OUR TOWN c. 1850 - 2000

33 MAIN STREET, NORTH SIDE

That's John Conroy standing in the doorway of his newsagents. He later owned Portlaoise Car Accessories just around the corner in Railway Street.

This building dates from the 1860's, but an earlier one on the site was occupied by the euphoniously-named Mrs Comfort Lucas, a draper listed in an 1837 directory. In the Leinster Express of November 17, 1855, she advertised thus: Mrs Lucas begs to announce to the ladies of Maryboro and vicinity that she has received her first assortment of Dublin made boots and shoes for the season, also Indian rubber overshoes and the new Bloomer boots...

She was succeeded by a James Fitzpatrick and Richard Keegan. In 1901, the latter's young widow Maria, classified as "Merchant", lived here with her young daughter and a boarder, Paul Gannon, a clerk.

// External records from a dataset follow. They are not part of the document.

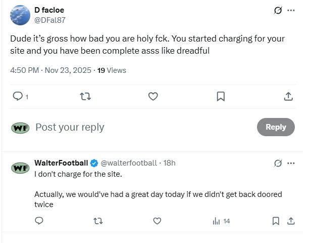 Otherwise, these teams are similar. Both defenses can’t generate pressure or stop the pass. Both defenses are strong against the run. Both teams have just one viable wide receiver, albeit two very good ones in Jaylen Waddle and Chris Olave. The Dolphins have Achane, while the Saints have the superior blocking unit. Tagovailoa has way more experience than Shough, but both quarterbacks suck. Tagovailoa has had some ghastly performances this year, and he’s 23rd in EPA amongst all starters. He’s a bottom-10 starting quarterback, as is Shough, obviously.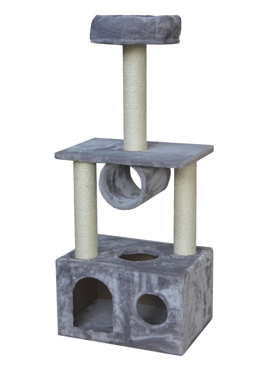 Produktdetails: Für Katzen | 50 x 35 cm | Höhe: 116 cm | Sisalumwickelte Stämme Ø 9 cm | 2 Liegeflächen + Höhle | Plüsch, Sisal, MDF-Holz |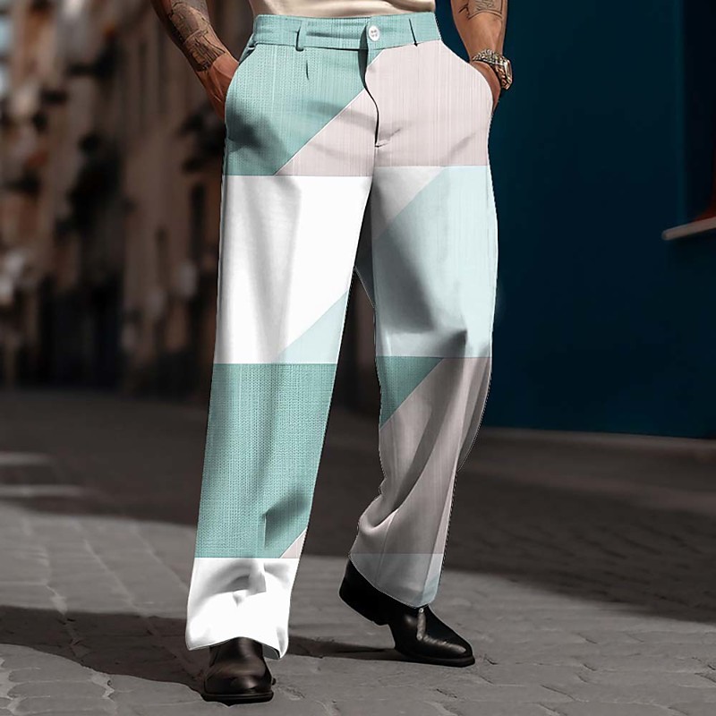 Men's Geometric Color Block Patchwork Trousers Dress Pants Suit Pants Mid Waist Business Casual Outdoor Dailywear Relaxed Fit Flat Front Dress Pants with Side Pockets Spring Fall 3D Print Blue Purple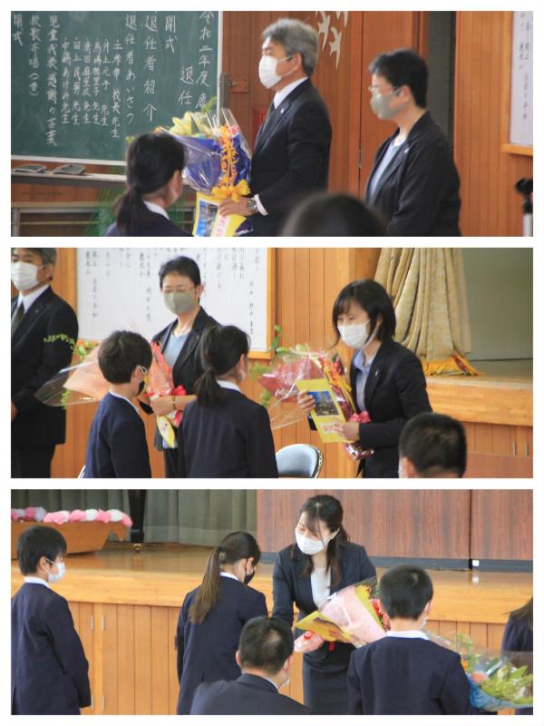 30日(火)、今年度末をもって転出・退職する職員の退任式を行いました。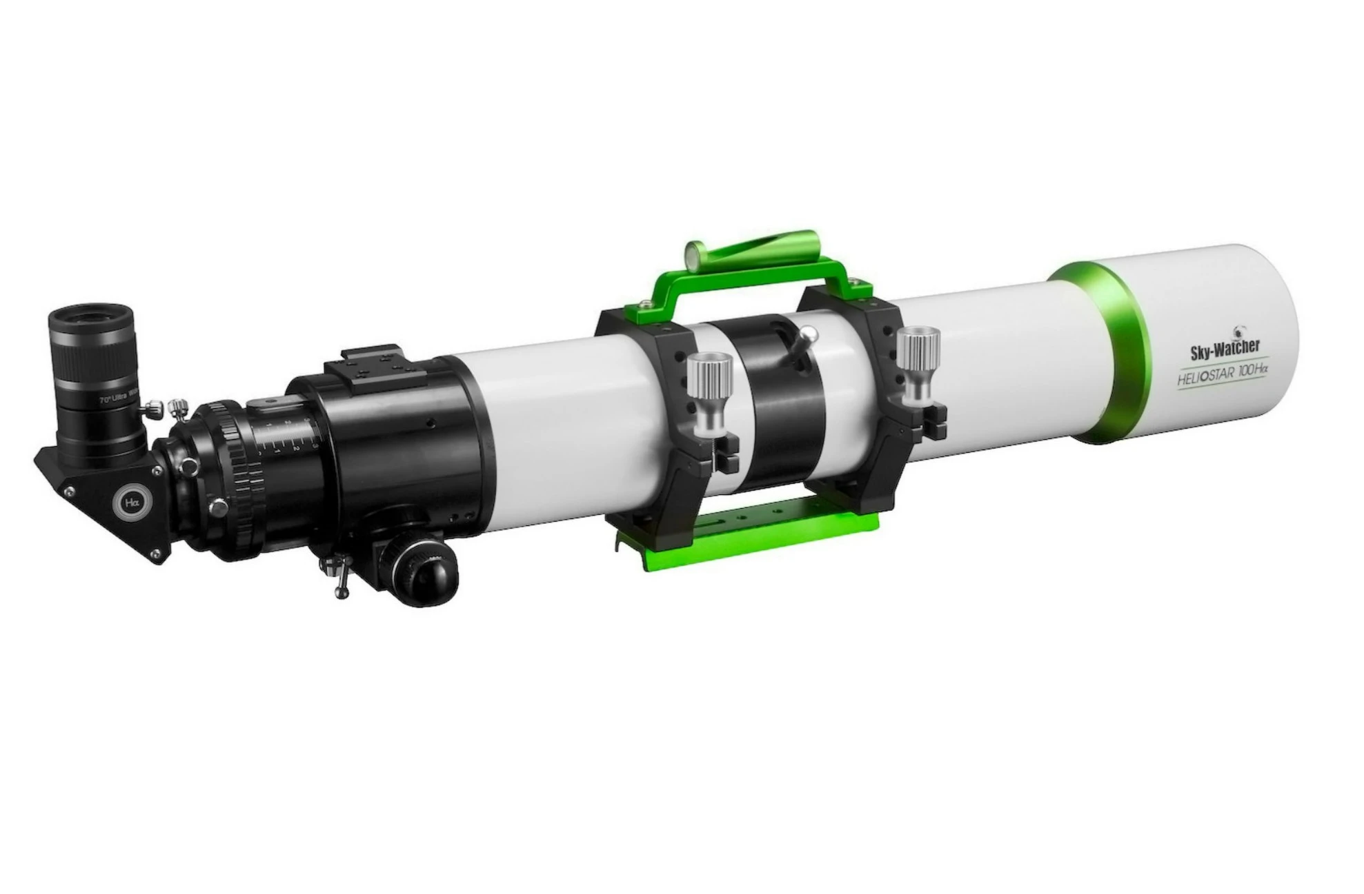 The solar telescope has a diameter of 100 mm, a focal length of 760 mm, and a focal ratio of F/7.6. Focusing is facilitated by a 2" dual-speed Crayford focuser. Finding the Sun is a quick and easy task with the solar finder built into the handle that holds the tube rings together.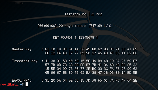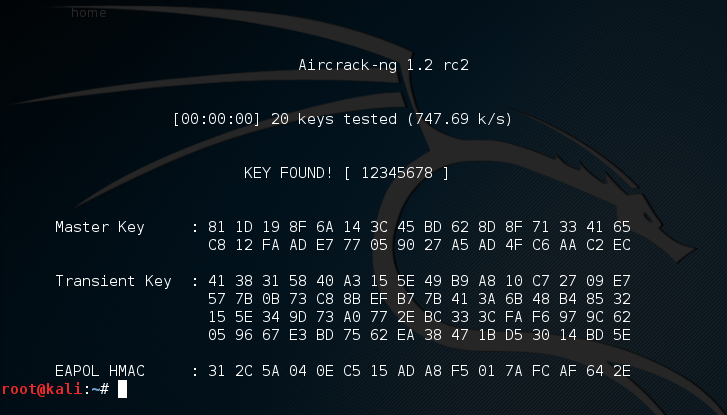 Y rápidamente (colocamos una clave bastante evidente, así que se encuentra pronto en el diccionario) nos desvela la clave de la red inalámbrica cifrada en WPA2-PSK, uno de los algoritmos más seguros actualmente.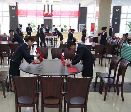 据旅游系负责人介绍,本次比赛在赛场上,还设置了餐巾花、宴席台面、鸡尾酒展区,让更多的同学能够感受到旅游系学生的职业风采。

In the early years of the new century, Wexford natives Nicholas Fortune and his wife Ellen opened their draper's shop here. In 1911, their son James and daughter Mena were both still in primary school, and it was the latter who would eventually become synonymous with the shop that, over the years, diversified from its sartorial beginnings. Nominally a stationer's, Fortune's became what you might accurately describe as an emporium of the sacred and profane, selling everything from newspapers, comics, sweets and cigarettes - There used to be a huge Players Please sign on the gable of the building - to statues, rosary beads, holy pictures, Mass cards and Donald McGill's saucy postcards. In the early 1960's, before The Late Late Show supposedly brought sex into Ireland (!), the latter had a magnetic effect on passing schoolboys. In an idiom of the time, our eyes were out on stalks. Or, as one scholar - whose grasp of geometric theory would have pleased Pythagoras himself - was heard to exclaim: "Me two eyes was at right angles"!

Fortune's also had special significance for the younger brothers and sisters. When the window on your right was suddenly filled with Annuals, they knew for certain that Santy was polishing his sleigh. On their way home from 'The Brothers' and the Convent, they used to gather around that window, and even today, I can hear my own voice amidst the excitement that still echoes down the years:
"I'm getting Bunty."
"You are not 'cos I am."
"I'm getting Judy so!".
"You're too young!"
"There's Dan Dare!"
"I got that one last year."
"I got two."
"Look! There's Gnasher!"

Well into living memory, Philomena 'Mena' Fortune was universally known as Miss Fortune, a title that totally belied her smiling, gracious nature. After her death, the business was run by the McGowan family from Station Road (the late Maura McGowan was her niece). Esther O'Brien, who had worked there for years, subsequently became manageress and, from the early 1990's, the shop was run by the Fennell family from Coote Terrace.

In 2003, the tenant here was Nationwide Cellular, a mobile phone outlet and, in more recent years, Krazy Kidz, a children's clothes shop which later relocated to the Shopping Centre. Today (June 2014), the premises are occupied by iRepair Shop, a specialist phone/laptop repair service.